Diário do RN – Quem o senhor pensa em trazer de liderança nacional para sua campanha?
Rafael Motta – Estamos conversando com lideranças, com personalidades políticas para agregar ao nosso grupo. Isso é bem característico deste período de pré-campanha, afinal, política é a arte do diálogo. Para o nosso lançamento, por exemplo, esperamos contar com a presença do nosso presidente nacional do Avante, o deputado federal Luis Tibé.

Diário do RN – Liste as principais diferenças entre você, Carlos Eduardo, Paulinho e Natália.
Rafael Motta – Citei mais no início da entrevista o perfil moderado. Tem a questão da juventude, pois ainda me considero jovem, sim. Temos disposição para o inovador, para trabalhar com tecnologias a serviço da população, com parcerias público-privadas.

E, claro, sem esquecer que quem tem que listar essas diferenças são os eleitores. A população cada vez mais informada saberá julgar e definir no momento oportuno. Por aqui, estamos prontos e querendo fazer uma gestão diferenciada em Natal.

Diário do RN – Se pudesse escolher qual melhor adversário o senhor gostaria de enfrentar no segundo turno: Carlos Eduardo, Natália ou Paulinho?
Rafael Motta – Não se escolhe adversário e nem se tem adversário. Somos concorrentes buscando cada um convencer a população sobre o melhor projeto para Natal.

Diário do RN – Carlos Eduardo foi prefeito por 14 anos. Merece um novo mandato? Por que?
Rafael Motta – Eu tenho uma visão muito democrática sobre gestões anteriores. Carlos Eduardo deve ter feito o melhor que ele pôde, assim como Wilma, por exemplo. E assim como Paulinho quando era vice de Micarla e assumiu a Prefeitura. Ele também deve ter se esforçado para atender as expectativas.

Só que ninguém vive de passado e eu posso falar por mim, que estamos buscando nosso espaço, mostrando os serviços que já fizemos para Natal, com mais de R$ 20 milhões em emendas, pelo que fizemos pelo RN com mais de R$ 250 milhões em emendas e que podemos fazer muito mais. Para isso, queremos que o natalense conheça cada vez mais o nosso projeto.

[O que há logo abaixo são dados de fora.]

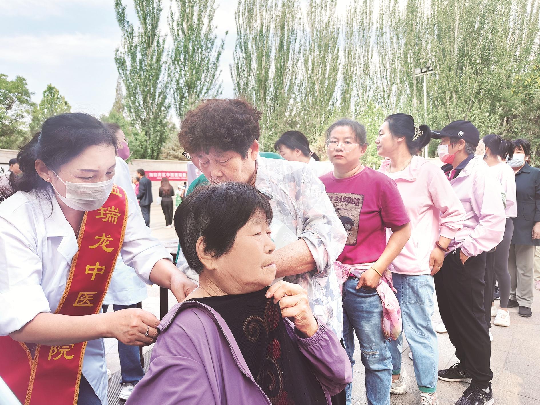 近日,海勃湾区卫生健康委员会在市人民公园北门广场开展了健康素养宣传月线下活动,我市各医疗机构的内科、外科、妇科等多科室专家坐诊,一对一解答高血压、糖尿病等健康问题,定制专属治疗、用药方案,为群众送去健康。

Diário do RN – Se não for para o segundo turno, em quem não vota de jeito nenhum?
Rafael Motta – Temos convicção que o nosso projeto será aprovado e estaremos no segundo turno, caso tenha um segundo turno.

Diário do RN – Em quem poderia votar?
Rafael Motta – Em mim mesmo, rs!

Diário do RN – Como fazer um discurso de oposição a Álvaro, tendo sido secretário dele?
Rafael Motta – Álvaro não é pré-candidato. Se alguém tem que ajustar o discurso seria Paulinho, que ensaiou um rompimento, com uma série de troca de declarações públicas de pessoas próximas, exonerações e, ainda assim, anunciaram essa união.

Passei quatro meses como secretário. Aceitei o convite com o intuito de contribuir. Entregamos obras, promovemos o Viva Natal na praia de Miami que reuniu uma multidão com esporte, lazer e cultura. Eu trouxe o ministro do Esporte, Fufuca, para conhecer e ouvir as necessidades dessa área na cidade. Dei mais essa contribuição para Natal, dentro do que me cabia à época, com um orçamento tímido, mas honrando o trabalho que me foi confiado em um curto período.

Sobre a gestão, Álvaro tem uma atuação com obras em andamento, que esperamos que sejam concluídas, mas a gente não pode ignorar os problemas. Natal tem transporte público deficitário, problemas no trânsito, de infraestrutura, da falta de vagas nas creches da rede e de saúde que precisam de atenção e de respostas por parte da gestão. E estamos dispostos a debater iniciativas para amenizar essas situações citadas.